(Supplied entries):
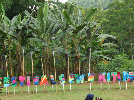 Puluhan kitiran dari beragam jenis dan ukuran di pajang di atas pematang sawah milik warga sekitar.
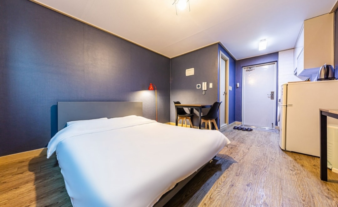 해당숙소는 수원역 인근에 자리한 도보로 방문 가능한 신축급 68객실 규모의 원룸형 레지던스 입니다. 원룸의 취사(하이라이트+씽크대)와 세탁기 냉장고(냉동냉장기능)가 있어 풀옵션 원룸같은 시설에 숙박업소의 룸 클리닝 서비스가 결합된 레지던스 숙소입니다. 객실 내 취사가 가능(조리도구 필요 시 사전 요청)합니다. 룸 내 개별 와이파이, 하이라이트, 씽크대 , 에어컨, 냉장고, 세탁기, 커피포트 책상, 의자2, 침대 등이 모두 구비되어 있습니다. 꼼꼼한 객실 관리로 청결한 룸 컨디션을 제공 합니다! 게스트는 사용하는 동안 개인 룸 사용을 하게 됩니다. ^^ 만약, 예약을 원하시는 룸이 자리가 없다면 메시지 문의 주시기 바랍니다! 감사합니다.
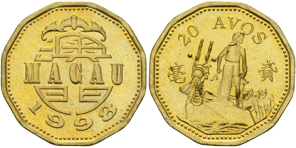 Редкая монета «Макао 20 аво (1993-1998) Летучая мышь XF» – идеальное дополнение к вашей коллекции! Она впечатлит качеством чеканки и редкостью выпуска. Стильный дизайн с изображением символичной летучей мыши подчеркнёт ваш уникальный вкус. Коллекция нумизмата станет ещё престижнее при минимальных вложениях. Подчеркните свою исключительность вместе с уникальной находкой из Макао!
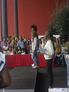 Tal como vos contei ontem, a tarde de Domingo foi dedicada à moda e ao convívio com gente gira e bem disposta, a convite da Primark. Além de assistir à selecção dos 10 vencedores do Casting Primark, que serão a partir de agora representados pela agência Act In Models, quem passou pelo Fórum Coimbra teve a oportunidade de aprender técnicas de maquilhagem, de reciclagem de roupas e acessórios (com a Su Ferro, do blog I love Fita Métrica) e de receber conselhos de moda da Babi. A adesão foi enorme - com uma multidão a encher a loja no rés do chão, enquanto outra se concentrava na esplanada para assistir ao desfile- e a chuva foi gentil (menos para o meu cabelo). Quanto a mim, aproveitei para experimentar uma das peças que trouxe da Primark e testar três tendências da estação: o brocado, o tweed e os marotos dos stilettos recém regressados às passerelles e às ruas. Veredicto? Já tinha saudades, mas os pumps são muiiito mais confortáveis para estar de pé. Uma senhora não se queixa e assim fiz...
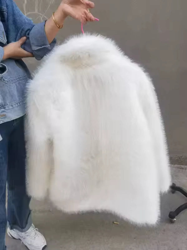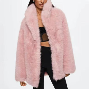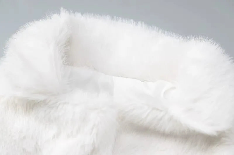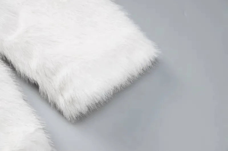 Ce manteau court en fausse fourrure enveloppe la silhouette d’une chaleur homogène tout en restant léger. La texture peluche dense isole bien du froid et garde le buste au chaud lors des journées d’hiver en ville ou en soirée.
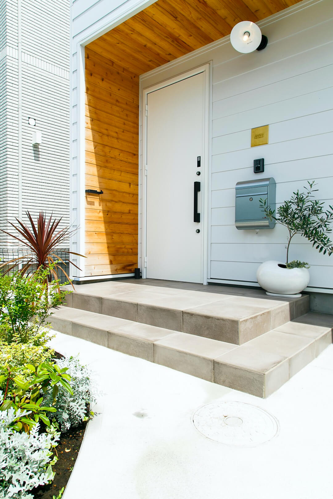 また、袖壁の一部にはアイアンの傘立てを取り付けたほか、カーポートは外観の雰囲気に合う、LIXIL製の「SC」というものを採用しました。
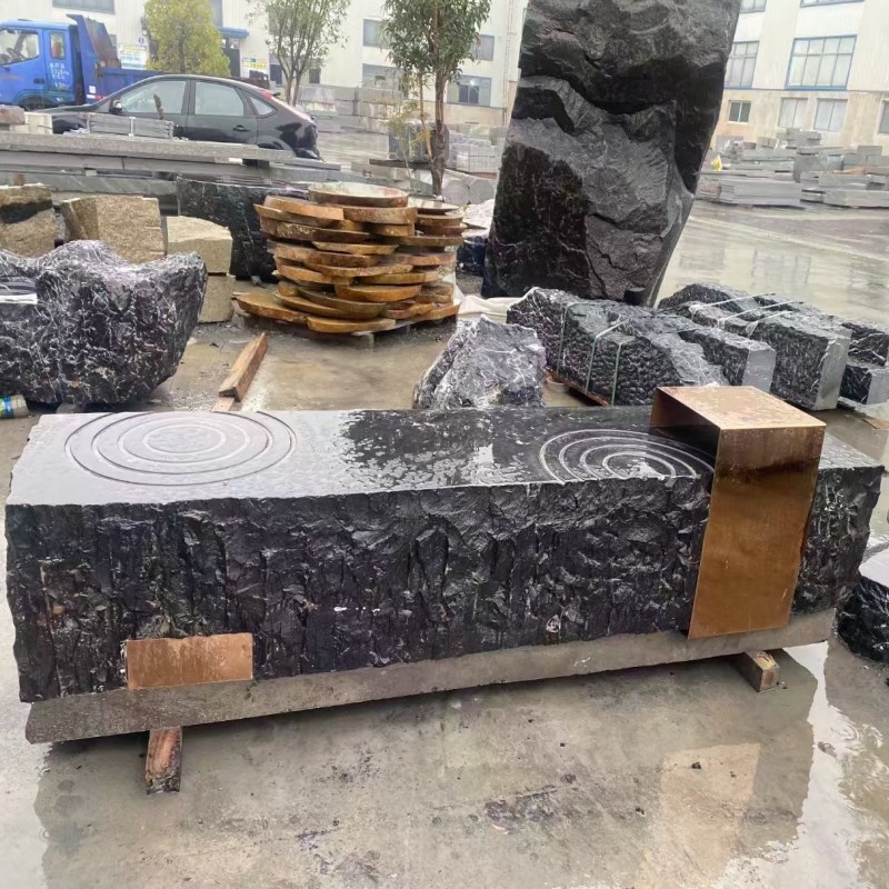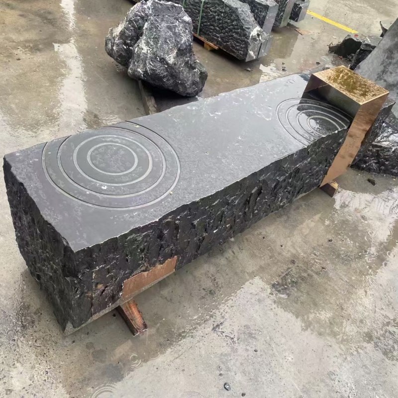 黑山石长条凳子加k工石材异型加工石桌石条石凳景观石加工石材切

(Exercise aim):
Except for the pictures, please retype the listing above exactly.

(Response to this exercise):
 Puluhan kitiran dari beragam jenis dan ukuran di pajang di atas pematang sawah milik warga sekitar.
 해당숙소는 수원역 인근에 자리한 도보로 방문 가능한 신축급 68객실 규모의 원룸형 레지던스 입니다. 원룸의 취사(하이라이트+씽크대)와 세탁기 냉장고(냉동냉장기능)가 있어 풀옵션 원룸같은 시설에 숙박업소의 룸 클리닝 서비스가 결합된 레지던스 숙소입니다. 객실 내 취사가 가능(조리도구 필요 시 사전 요청)합니다. 룸 내 개별 와이파이, 하이라이트, 씽크대 , 에어컨, 냉장고, 세탁기, 커피포트 책상, 의자2, 침대 등이 모두 구비되어 있습니다. 꼼꼼한 객실 관리로 청결한 룸 컨디션을 제공 합니다! 게스트는 사용하는 동안 개인 룸 사용을 하게 됩니다. ^^ 만약, 예약을 원하시는 룸이 자리가 없다면 메시지 문의 주시기 바랍니다! 감사합니다.
 Редкая монета «Макао 20 аво (1993-1998) Летучая мышь XF» – идеальное дополнение к вашей коллекции! Она впечатлит качеством чеканки и редкостью выпуска. Стильный дизайн с изображением символичной летучей мыши подчеркнёт ваш уникальный вкус. Коллекция нумизмата станет ещё престижнее при минимальных вложениях. Подчеркните свою исключительность вместе с уникальной находкой из Макао!
 Tal como vos contei ontem, a tarde de Domingo foi dedicada à moda e ao convívio com gente gira e bem disposta, a convite da Primark. Além de assistir à selecção dos 10 vencedores do Casting Primark, que serão a partir de agora representados pela agência Act In Models, quem passou pelo Fórum Coimbra teve a oportunidade de aprender técnicas de maquilhagem, de reciclagem de roupas e acessórios (com a Su Ferro, do blog I love Fita Métrica) e de receber conselhos de moda da Babi. A adesão foi enorme - com uma multidão a encher a loja no rés do chão, enquanto outra se concentrava na esplanada para assistir ao desfile- e a chuva foi gentil (menos para o meu cabelo). Quanto a mim, aproveitei para experimentar uma das peças que trouxe da Primark e testar três tendências da estação: o brocado, o tweed e os marotos dos stilettos recém regressados às passerelles e às ruas. Veredicto? Já tinha saudades, mas os pumps são muiiito mais confortáveis para estar de pé. Uma senhora não se queixa e assim fiz...
 Ce manteau court en fausse fourrure enveloppe la silhouette d’une chaleur homogène tout en restant léger. La texture peluche dense isole bien du froid et garde le buste au chaud lors des journées d’hiver en ville ou en soirée.
 また、袖壁の一部にはアイアンの傘立てを取り付けたほか、カーポートは外観の雰囲気に合う、LIXIL製の「SC」というものを採用しました。
 黑山石长条凳子加k工石材异型加工石桌石条石凳景观石加工石材切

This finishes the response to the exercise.